Input for this task:
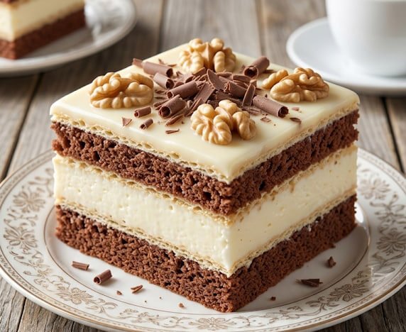 Kao što možete videti na fotografiji, ovaj desert izgleda izuzetno raskošno. Za razliku od običnih ledenih kocki, ova verzija se pravi sa dve kore, između kojih se krije vazdušasti vanila krem, dok je vrh ukrašen belom glazurom, orasima i čokoladnim strugotinama. Prateći ovaj detaljan recept, dobićete kolač koji izgleda i miriše tačno onako kako je prikazano na slici!
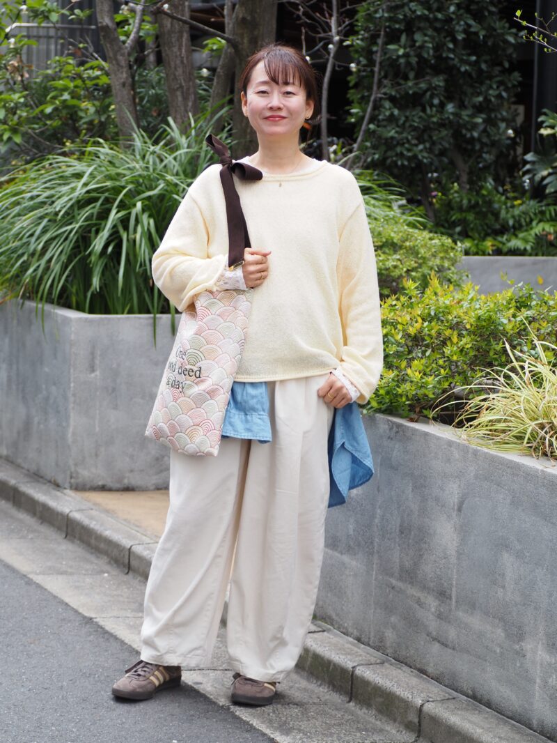 イエローのニットとナチュラルカラーのパンツが目に留まるリラックススタイル。春の陽気にマッチする配色がポイントです。「アディダス」の3本ラインもイエローで、さりげないカラーリンクも◎。腰にはデニムシャツを巻き付けて、動きのあるスタイリングに。
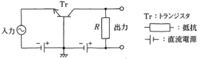 図の回路は[A]形トランジスタを用いて、[B]を共通端子として接地した増幅回路の一例である。この回路は、出力側から入力側への[C]が少なく、高周波増幅に適している。
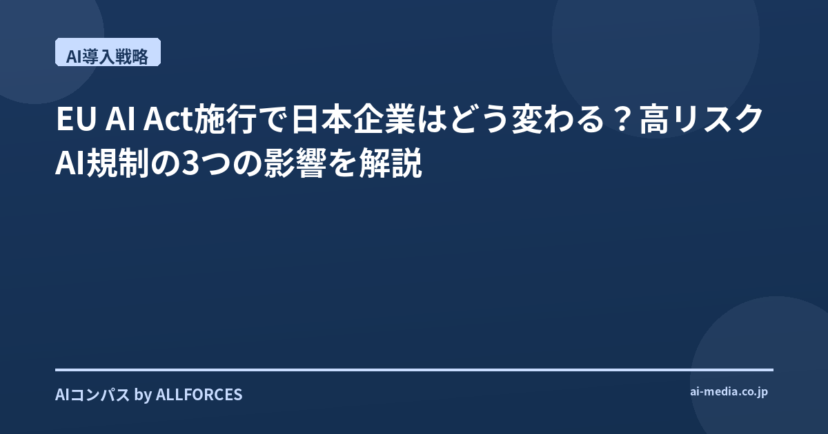 - EU AI Act完全施行は2026年8月!日本企業が知るべき影響とAI活用の現実解とは?
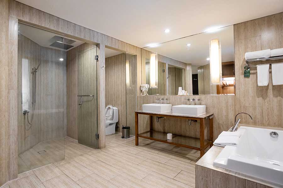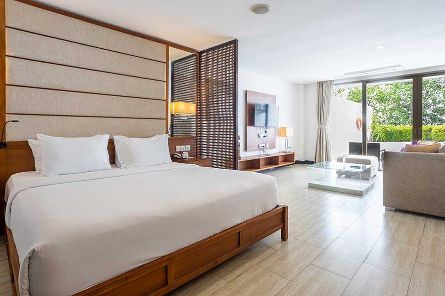 Spanning approximately 120 square metres, this suite combines modern design with tropical luxury. Featuring a spacious living area, separate bedroom, and a private pool, the One-Bedroom Suite with Pool is perfect for guests seeking privacy and relaxation in a beachfront setting.
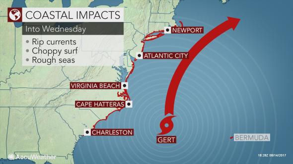 Tropical storm Gert will make the seas along the US East coast a bit unsettled this week. From Cape Cod down to the shores along the South Carolina coast is where the greatest impacts will be so we will have to watch what happens with this system as well as another one that may form in the Atlantic over the next few days. Stay updated to this site for all the latest, and more info on Gert can be found here - - https://www.accuweather.com/en/weather-news/brewing-tropical-storm-gert-to-spread-rough-surf-along-us-east-coast/70002444

What needs to be done:
Exactly as written, reproduce all of the entries while dropping the pictures.

Solution below:
 Kao što možete videti na fotografiji, ovaj desert izgleda izuzetno raskošno. Za razliku od običnih ledenih kocki, ova verzija se pravi sa dve kore, između kojih se krije vazdušasti vanila krem, dok je vrh ukrašen belom glazurom, orasima i čokoladnim strugotinama. Prateći ovaj detaljan recept, dobićete kolač koji izgleda i miriše tačno onako kako je prikazano na slici!
 イエローのニットとナチュラルカラーのパンツが目に留まるリラックススタイル。春の陽気にマッチする配色がポイントです。「アディダス」の3本ラインもイエローで、さりげないカラーリンクも◎。腰にはデニムシャツを巻き付けて、動きのあるスタイリングに。
 図の回路は[A]形トランジスタを用いて、[B]を共通端子として接地した増幅回路の一例である。この回路は、出力側から入力側への[C]が少なく、高周波増幅に適している。
 - EU AI Act完全施行は2026年8月!日本企業が知るべき影響とAI活用の現実解とは?
 Spanning approximately 120 square metres, this suite combines modern design with tropical luxury. Featuring a spacious living area, separate bedroom, and a private pool, the One-Bedroom Suite with Pool is perfect for guests seeking privacy and relaxation in a beachfront setting.
 Tropical storm Gert will make the seas along the US East coast a bit unsettled this week. From Cape Cod down to the shores along the South Carolina coast is where the greatest impacts will be so we will have to watch what happens with this system as well as another one that may form in the Atlantic over the next few days. Stay updated to this site for all the latest, and more info on Gert can be found here - - https://www.accuweather.com/en/weather-news/brewing-tropical-storm-gert-to-spread-rough-surf-along-us-east-coast/70002444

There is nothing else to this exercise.